— Нет. Василич, — окликнула она
водителя, — помнишь, прошлой зимой мы ездили на роды в Сиреневое?
Ну, в притон за карьером.
— Как не помнить, — отозвался тот, —
такое фиг забудешь.
— А что там было? — оживился Толик. —
Плод с уродствами?
— Ну, подобное тоже случается, —
кивнула Рысь, — но не в тот раз. Вызов на роды: живот болит и всё
такое. Возраст неизвестен, ФИО тоже. Случайные собутыльники поняли,
что без медицинской помощи не обойтись, и позвонили в скорую.

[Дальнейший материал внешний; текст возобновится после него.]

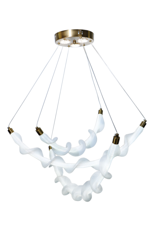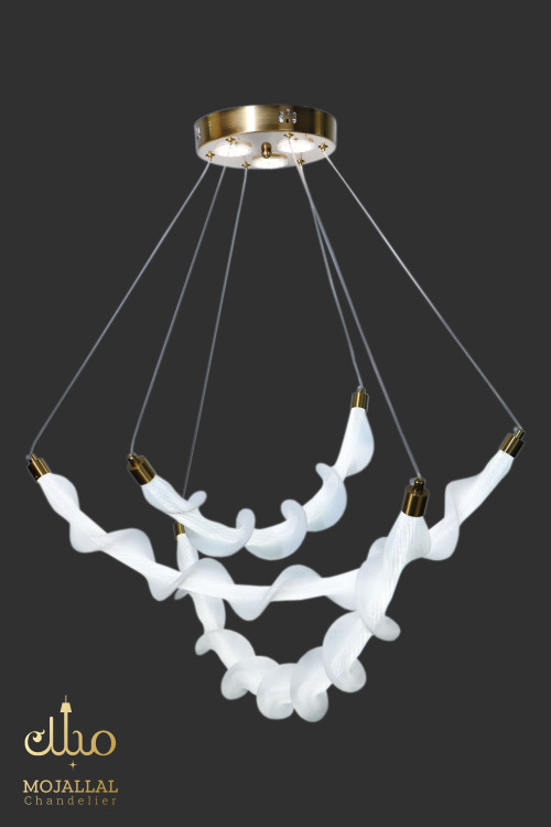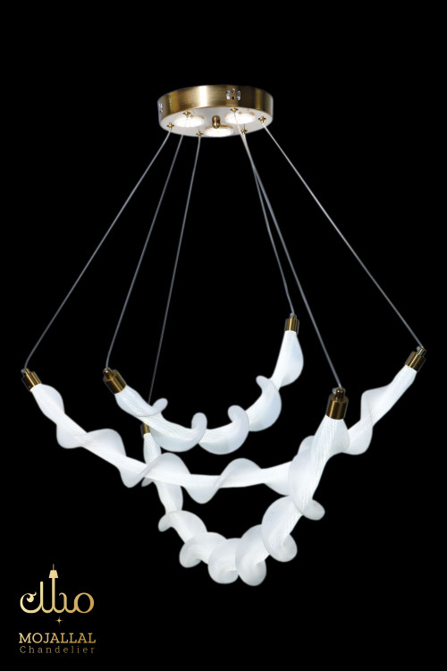 اولین چیزی که در مدل 3832 خودنمایی میکند، ساختار ساختارشکنانه آن است. برخلاف لوسترهای کلاسیک که بر پایه تقارن استوارند، این آویز با الهام از فرم گیاه پیچک، خطوطی منحنی و پویا را به فضای شما میآورد. این نوع طراحی باعث میشود فضا بزرگتر و دلبازتر به نظر برسد؛ چرا که خطوط منحنی، چشم را در محیط حرکت میدهند.

Приехали, Василич со мной пошёл, хоть и не положено, а в доме
женщина на матрасе лежит. Типичная такая для этих мест, грязная,
опухшая — и с огромным животом. Я одеяло откидываю, а там зрелище,
как в фильме ужасов, когда какой-нибудь инопланетянин личинку в
человека отложил, и она вот-вот наружу прорвётся. Живот гигантского
размера, как при многоплодной беременности, неровный и весь покрыт
венозной сеткой, а сами вены тёмные-претёмные и толстые. Я, честно
говоря, такое впервые увидела.
— Тромбофлебит проявился на фоне
беременности? Осложнённое течение?
— Хватит умничать, — отмахнулась
Александра, — говорю же, не было никакой беременности.
— А что же тогда?
— Асцит* развился при циррозе печени,
до терминальной стадии дошло. Не знаю, как она вообще так долго
протянула без медицинской помощи. Я потом даже специально в морг
ходила, чтобы подробности узнать — там экссудата семь литров
оказалось, представляешь? Вот вроде бы ещё живая, в сознании даже,
и говорить может — а на самом деле уже труп, и внутри процесс
разложения идёт полным ходом. Пока её в стационар везли, я только
об одном думала: лишь бы в машине не откинулась, а то пришлось бы
реанимационные мероприятия проводить по протоколу, совершенно
бессмысленные и бесполезные. Но повезло — живой довезли и
сдали.
— А потом? Что потом было? — Толик
подался вперёд.
— Известное дело — умерла.
Практически сразу, даже из приёмного покоя увезти не успели. Оттуда
сразу в морг и отправили.
— И вы так спокойно об этом говорите?
— фельдшер нахмурился. — Как будто это не человек был, а ненужная
сломанная вещь. «Лишь бы по дороге не откинулась», — повторил он
слова начальницы, — ничего святого...
Рысь совершенно неделикатно заржала и
скорбь подчинённого разделять не захотела.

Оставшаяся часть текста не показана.